I wrote a web article on the meaning of life, and in that article, I showed how several areas of research could prove promising in my quest to find the meaning of life. I showed how various philosophies, religious beliefs, and science facts showed that there could be a meaning to life.
What happened next was that I obtained what to me was the meaning of life. I called it gnosis, and I believed that I had discovered the answer to the questions philosophers had been asking for centuries and millennia.
What I did not realize is the immense hurdle this would present to myself and the understanding of others.
The first thing I realized is that I had found a truth that was in itself a foundation for a religious system, that of the gnostic Christians.
I could not believe that Gnosticism was entirely true, because the knowledge of God, or gnosis, depended on a belief or a faith in such knowledge to exist. So it was just Christianity by another disguise, one that no modern Christian would uphold, making this a very unpopular view to uphold at a church.

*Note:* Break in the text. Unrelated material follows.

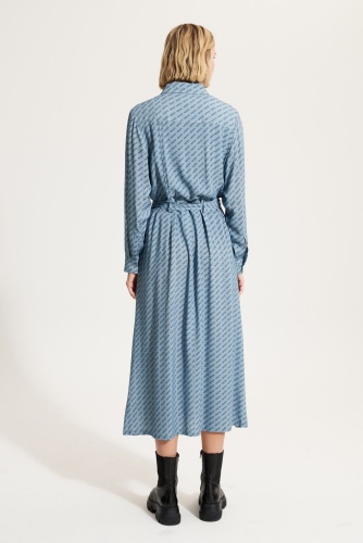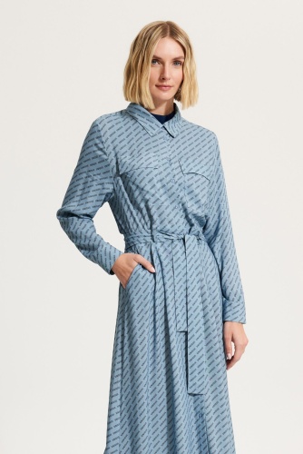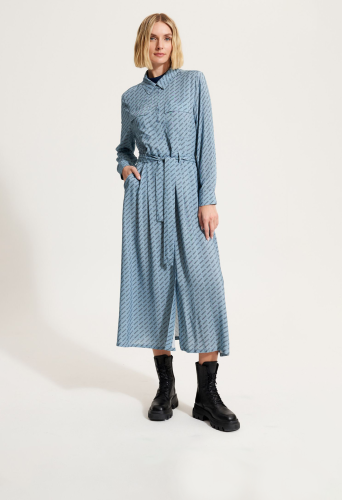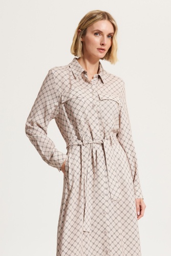 Платье-рубашка с узором. На пуговицах. Поясной шов со складками. Вставные карманы.

I realized then that if someone had found the real and true meaning of life, it would not be applicable to any other than themself. This is not because the meaning would be subjective, but is a further fact that I discovered, that meaning is relative to the person’s mind that believes in it. If it were possible to know the meaning of life, this relative relationship between belief and mind would render the belief incommunicable or at best misunderstood by others than myself.
The nature of meaning is such that the emotion one encodes into symbolic form is the true meaning of the encoded belief. So unless there were a way to provide some basis for that emotion, and communicate the emotion to others, the meaning would remain relative to one person’s mind. Even if the emotion could be communicated and understood by others, I now believe that they would each have separate emotional colorings to that fundamental understanding, meaning that there would necessarily be a meaning of life for each of us that differs from everyone else. It’s in our DNA to understand our why, and not the why of others. I don't think people can disprove another person's emotions with words, or symbols, or sounds. That is, we can communicate, in pictures, in sounds, sometimes even words communicate an emotional meaning. But we can't prove one thing over another without resorting to logic. And even then, logic allows for disagreement. So it's impossible to disprove someone else's meaning in this way.
So there is a little why question, that of what my meaning is, and there are big why questions, pertaining to the larger questions of life that would apply to other people. And other people might understand something similar, but they would’t follow through with that search for the reason why in the same way. And they wouldn’t arrive at similar answers, if they were all philosophers and were committed to the search for the meaning of life. We would then have as many answers as questions, and as many believers as converts.
I hope this explains the futility I felt after realizing that the emotions we feel and beliefs we subscribe to are largely our own, and belong to no one else. This raises the larger question of whether we are even communicating, if we are also islands of belief. But I think that this is true, that we are all islands of belief.
We would need corroborating evidence based on experience and experimental methods to arrive at anything close to an independently verifiable meaning of life. And that would require lots and lots of science facts to exist that just don’t exist yet. We still don’t have a unified field theory in physics, and the other sciences complain of similar faults to their knowledge. So basing a science fact on a finished science is as yet impossible. Which returns me to the beginning of my search, at zero.
I’m sorry if all this is a little bit disappointing, and I never meant to lead people on a wild goose hunt with no solution possible, but I am convinced that my experiments in belief lead to this conclusion. I wish you better luck than me if you are a person who seeks such answers to life’s meaninglessness. My advice is to seek your own personal meaning in this life of nothing but meaninglessness, and pursue it with your entire heart, soul, and mind. Something that I know you will do anyway, because this article was written from an island of misbelief according to your emotional contact with the world.